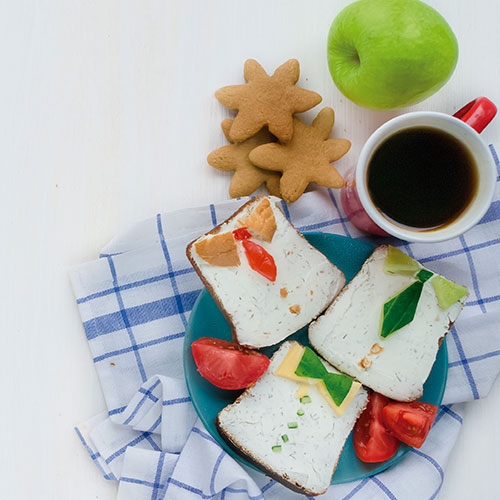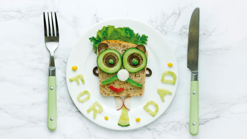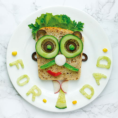 - Prepara el sándwich al gusto de papá, dejando por fuera la hoja de lechuga como cabello. Complementa con unas hojas de perejil. Luego, forma los ojos con dos rodajas de pepino con cáscara, con unos círculos en el centro. Acomoda las aceitunas siguiendo la forma de la foto, y coloca la nariz con una rebanada de rábano. Forma los bigotes y la corbata con pepino y rábano.
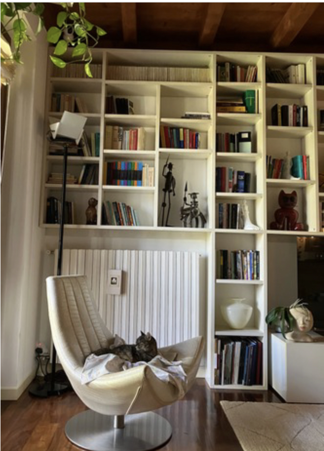 Un giudizio sui suoi libri? “Mi piace definirli storie di intrattenimento che regalano piacevoli momenti di relax, coinvolgendo il lettore pagina dopo pagina, attraverso temi sociali attuali, introspezioni, descrizioni di paesaggi e sentimenti, con forza e a volte anche con un pizzico d’ironia. E la sua casa? È la stessa scrittrice a descrivercela: ”Ho cambiato parecchie dimore e ho una passione esagerata per il mondo dell’interior design. Sentirsi a casa è fondamentale, rassicurante e necessario. Tutti al di là del fatto che si tratti di una casa bella o meno belladovrebbero sentirsi abbracciati dalla propria casa! Un mondo intimo come quello della psiche, un luogo dove depositare ogni giorno le fatiche e le gioie che la vita ci riserva. Tutte le case che ho cambiato, per esigenze varie, nel corso della vita le ho sempre curate personalmente. Quest’ultima è calda e avvolgente, con tanti piccoli angoli suggestivi creati con pezzi di design o mobili vecchi recuperati e sistemati da me. Ogni oggetto un significato, un ricordo, una trasformazione. E non manca un piccolo giardino con una fontana zampillante che con il suo gorgoglio mi fa compagnia mentre scrivo o leggo, anche qui affiancata dai meravigliosi felini che non mi abbandonano mai. Il mio studio è la stanza della creatività. Rappresenta un po’ il mio regno, il mio mondo, quello dove le mie storie passano dalla fantasia alle pagine scritte. La mia scrivania (anch’essa trasformata da me) ha un grande piano di cristallo, oltre il computer fogli con appunti e memorie, un brucia essenze e stilografiche (una piccola collezione), biro e matite di ogni genere; sul muro di fronte un grande e vecchio specchio anch’esso ringiovanito dai miei momenti di bricolage mi permette di spaziare nella stanza e sentirmi avvolta da ciò che mi sta attorno in ogni momento come fosse un piccolo cosmo dove sensazioni ed emozioni nascono, si incontrano e si scontrano in un vortice di idee in cui la fantasia diventa realtà e la realtà fantasia.”
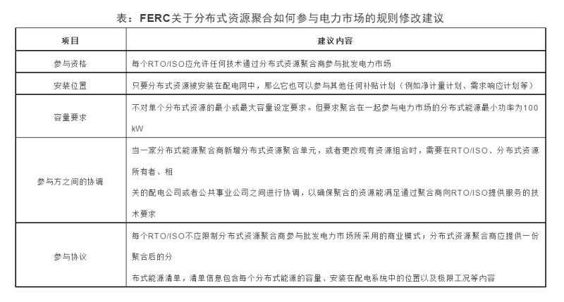 2016 年, 加利福尼亞獨(dú)立系統(tǒng)運(yùn)營(yíng)商(CAISO)、賓州-新澤西-馬里蘭州際聯(lián)合電力系統(tǒng)運(yùn)營(yíng)商(PJM)、紐約獨(dú)立系統(tǒng)運(yùn)營(yíng)商MYISO紛紛向FERC提出建議,申請(qǐng)修改其市場(chǎng)規(guī)則,推動(dòng)分布式能源聚合參與電力市場(chǎng)交易。為了響應(yīng)這些提案,2016 年11 月,F(xiàn)ERC發(fā)布了市場(chǎng)規(guī)則修改建議公告,針對(duì)如何消除電儲(chǔ)能和分布式能源聚合參與批發(fā)電力的障礙提出建議。公告首先明確了電儲(chǔ)能的定義,即“電儲(chǔ)能指存儲(chǔ)來(lái)自電網(wǎng)的電力、稍后再送電給電網(wǎng)的各種儲(chǔ)能技術(shù),包含電池、飛輪、壓縮空氣儲(chǔ)能、抽水蓄能等,且該定義與容量大小無(wú)關(guān),與其在電力系統(tǒng)中的安裝位置也無(wú)關(guān)?!贬槍?duì)分布式能源聚合,F(xiàn)ERC 提出要求每個(gè)RTO/ISO 都明確分布式能源聚合商的定義,并將其作為一類市場(chǎng)參與者,能夠在現(xiàn)有的模式下參與到批發(fā)電力市場(chǎng)中。公告還從分布式能源聚合參與電力市場(chǎng)的資格、安裝位置、容量要求、參與方之間的協(xié)調(diào)、協(xié)議等方面提出的建議,見(jiàn)下表。
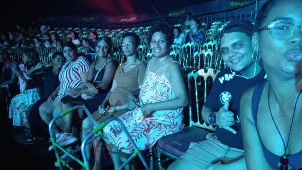 Os moradores do Serviço de Residência Terapêutica (SRT) de São Pedro da Aldeia participaram de uma atividade cultural no Circo Vostok. A ação contou com o acompanhamento da técnica de enfermagem, Tainara Cristina Ventura, e da cuidadora do serviço, Luiza Parett. A iniciativa fortalece o pertencimento à comunidade e a ocupação dos territórios da cidade como estratégia de cuidado em liberdade.
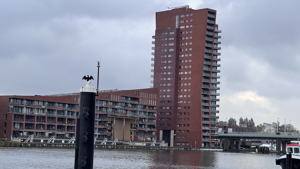 Aalscholvers zijn paalzitters. Zwemmen doen ze zo laag mogelijk in het water, en vervolgens ook onder water op zoek naar vis. Hun natte vederdek wordt dan weer zo hoog mogelijk gedroogd. Bij voorkeur op een paal. Deze spotten we aan de Havenstraat, tegen de achtergrond van de Conrad en Vissershop.
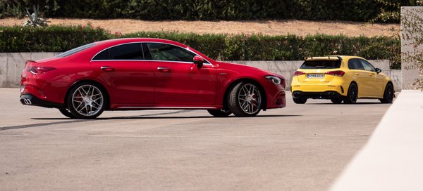 Ilyen ügyes trükkökkel talán egy fokkal nagyobb eséllyel vesz AMG-t például egy tehetséges fiatal futballista vagy influencer, de az érdemi kérdések tekintetében is eléggé kompetens csomagnak tűnik mind a két kaszni - még a gyengébbik változatban is. Az S-mentes, sima A45 4MATIC+ 1560 kiló, ugyanez a CLA esetében 1610. Az alapváltozatban csak rongyos 376 lóerőt kapunk, de ha inkább rámennénk a 45S-re akkor elől már hatdugattyúsak a fékek és 210 lóerős a literteljesítmény. Az egyetlen hátrány, az egyelőre még nem tisztázott feláron túl a nagyjából tízen pár extra kiló. Ennyit bőven megér, hogy négyessel kezdődő számmal villoghatunk a klubban.
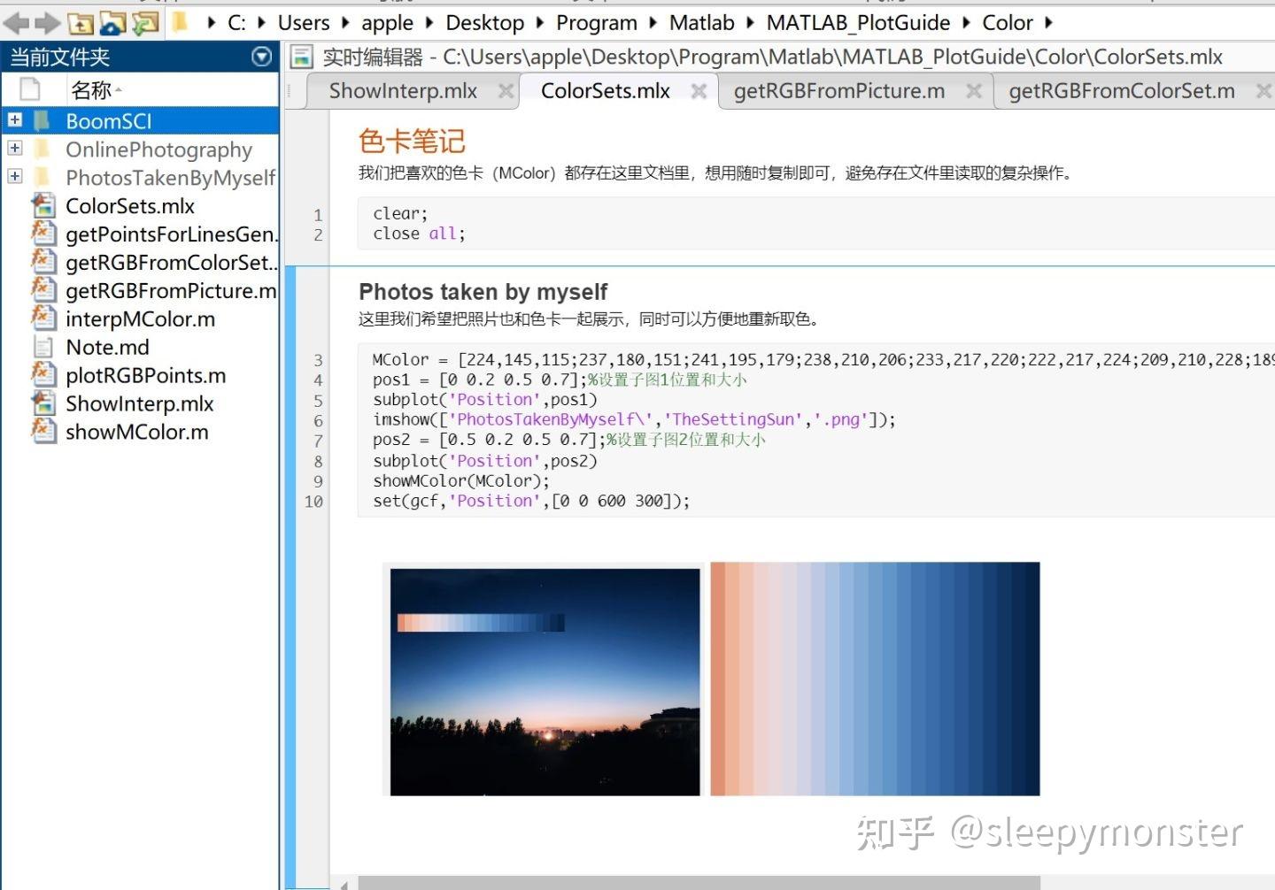 方案的思路是从图片中通过鼠标取点提取一系列RGB三元组为色卡矩阵,然后把色卡矩阵和相应的图片存在MATLAB的实时脚本ColorSets.mlx和其路径下的一些文件夹中如:BoomSCI、OnlinePhotography、PhotosTakenByMyself,如下图所示。每次使用时复制色卡到画图程序中通过特定函数转化成我们画图实际使用的色卡。
═══
**Exercise brief**
An exact copy of all the entries above is required, with every picture left out.

**Answer box**
 - Prepara el sándwich al gusto de papá, dejando por fuera la hoja de lechuga como cabello. Complementa con unas hojas de perejil. Luego, forma los ojos con dos rodajas de pepino con cáscara, con unos círculos en el centro. Acomoda las aceitunas siguiendo la forma de la foto, y coloca la nariz con una rebanada de rábano. Forma los bigotes y la corbata con pepino y rábano.
 Un giudizio sui suoi libri? “Mi piace definirli storie di intrattenimento che regalano piacevoli momenti di relax, coinvolgendo il lettore pagina dopo pagina, attraverso temi sociali attuali, introspezioni, descrizioni di paesaggi e sentimenti, con forza e a volte anche con un pizzico d’ironia. E la sua casa? È la stessa scrittrice a descrivercela: ”Ho cambiato parecchie dimore e ho una passione esagerata per il mondo dell’interior design. Sentirsi a casa è fondamentale, rassicurante e necessario. Tutti al di là del fatto che si tratti di una casa bella o meno belladovrebbero sentirsi abbracciati dalla propria casa! Un mondo intimo come quello della psiche, un luogo dove depositare ogni giorno le fatiche e le gioie che la vita ci riserva. Tutte le case che ho cambiato, per esigenze varie, nel corso della vita le ho sempre curate personalmente. Quest’ultima è calda e avvolgente, con tanti piccoli angoli suggestivi creati con pezzi di design o mobili vecchi recuperati e sistemati da me. Ogni oggetto un significato, un ricordo, una trasformazione. E non manca un piccolo giardino con una fontana zampillante che con il suo gorgoglio mi fa compagnia mentre scrivo o leggo, anche qui affiancata dai meravigliosi felini che non mi abbandonano mai. Il mio studio è la stanza della creatività. Rappresenta un po’ il mio regno, il mio mondo, quello dove le mie storie passano dalla fantasia alle pagine scritte. La mia scrivania (anch’essa trasformata da me) ha un grande piano di cristallo, oltre il computer fogli con appunti e memorie, un brucia essenze e stilografiche (una piccola collezione), biro e matite di ogni genere; sul muro di fronte un grande e vecchio specchio anch’esso ringiovanito dai miei momenti di bricolage mi permette di spaziare nella stanza e sentirmi avvolta da ciò che mi sta attorno in ogni momento come fosse un piccolo cosmo dove sensazioni ed emozioni nascono, si incontrano e si scontrano in un vortice di idee in cui la fantasia diventa realtà e la realtà fantasia.”
 2016 年, 加利福尼亞獨(dú)立系統(tǒng)運(yùn)營(yíng)商(CAISO)、賓州-新澤西-馬里蘭州際聯(lián)合電力系統(tǒng)運(yùn)營(yíng)商(PJM)、紐約獨(dú)立系統(tǒng)運(yùn)營(yíng)商MYISO紛紛向FERC提出建議,申請(qǐng)修改其市場(chǎng)規(guī)則,推動(dòng)分布式能源聚合參與電力市場(chǎng)交易。為了響應(yīng)這些提案,2016 年11 月,F(xiàn)ERC發(fā)布了市場(chǎng)規(guī)則修改建議公告,針對(duì)如何消除電儲(chǔ)能和分布式能源聚合參與批發(fā)電力的障礙提出建議。公告首先明確了電儲(chǔ)能的定義,即“電儲(chǔ)能指存儲(chǔ)來(lái)自電網(wǎng)的電力、稍后再送電給電網(wǎng)的各種儲(chǔ)能技術(shù),包含電池、飛輪、壓縮空氣儲(chǔ)能、抽水蓄能等,且該定義與容量大小無(wú)關(guān),與其在電力系統(tǒng)中的安裝位置也無(wú)關(guān)?!贬槍?duì)分布式能源聚合,F(xiàn)ERC 提出要求每個(gè)RTO/ISO 都明確分布式能源聚合商的定義,并將其作為一類市場(chǎng)參與者,能夠在現(xiàn)有的模式下參與到批發(fā)電力市場(chǎng)中。公告還從分布式能源聚合參與電力市場(chǎng)的資格、安裝位置、容量要求、參與方之間的協(xié)調(diào)、協(xié)議等方面提出的建議,見(jiàn)下表。
 Os moradores do Serviço de Residência Terapêutica (SRT) de São Pedro da Aldeia participaram de uma atividade cultural no Circo Vostok. A ação contou com o acompanhamento da técnica de enfermagem, Tainara Cristina Ventura, e da cuidadora do serviço, Luiza Parett. A iniciativa fortalece o pertencimento à comunidade e a ocupação dos territórios da cidade como estratégia de cuidado em liberdade.
 Aalscholvers zijn paalzitters. Zwemmen doen ze zo laag mogelijk in het water, en vervolgens ook onder water op zoek naar vis. Hun natte vederdek wordt dan weer zo hoog mogelijk gedroogd. Bij voorkeur op een paal. Deze spotten we aan de Havenstraat, tegen de achtergrond van de Conrad en Vissershop.
 Ilyen ügyes trükkökkel talán egy fokkal nagyobb eséllyel vesz AMG-t például egy tehetséges fiatal futballista vagy influencer, de az érdemi kérdések tekintetében is eléggé kompetens csomagnak tűnik mind a két kaszni - még a gyengébbik változatban is. Az S-mentes, sima A45 4MATIC+ 1560 kiló, ugyanez a CLA esetében 1610. Az alapváltozatban csak rongyos 376 lóerőt kapunk, de ha inkább rámennénk a 45S-re akkor elől már hatdugattyúsak a fékek és 210 lóerős a literteljesítmény. Az egyetlen hátrány, az egyelőre még nem tisztázott feláron túl a nagyjából tízen pár extra kiló. Ennyit bőven megér, hogy négyessel kezdődő számmal villoghatunk a klubban.
 方案的思路是从图片中通过鼠标取点提取一系列RGB三元组为色卡矩阵,然后把色卡矩阵和相应的图片存在MATLAB的实时脚本ColorSets.mlx和其路径下的一些文件夹中如:BoomSCI、OnlinePhotography、PhotosTakenByMyself,如下图所示。每次使用时复制色卡到画图程序中通过特定函数转化成我们画图实际使用的色卡。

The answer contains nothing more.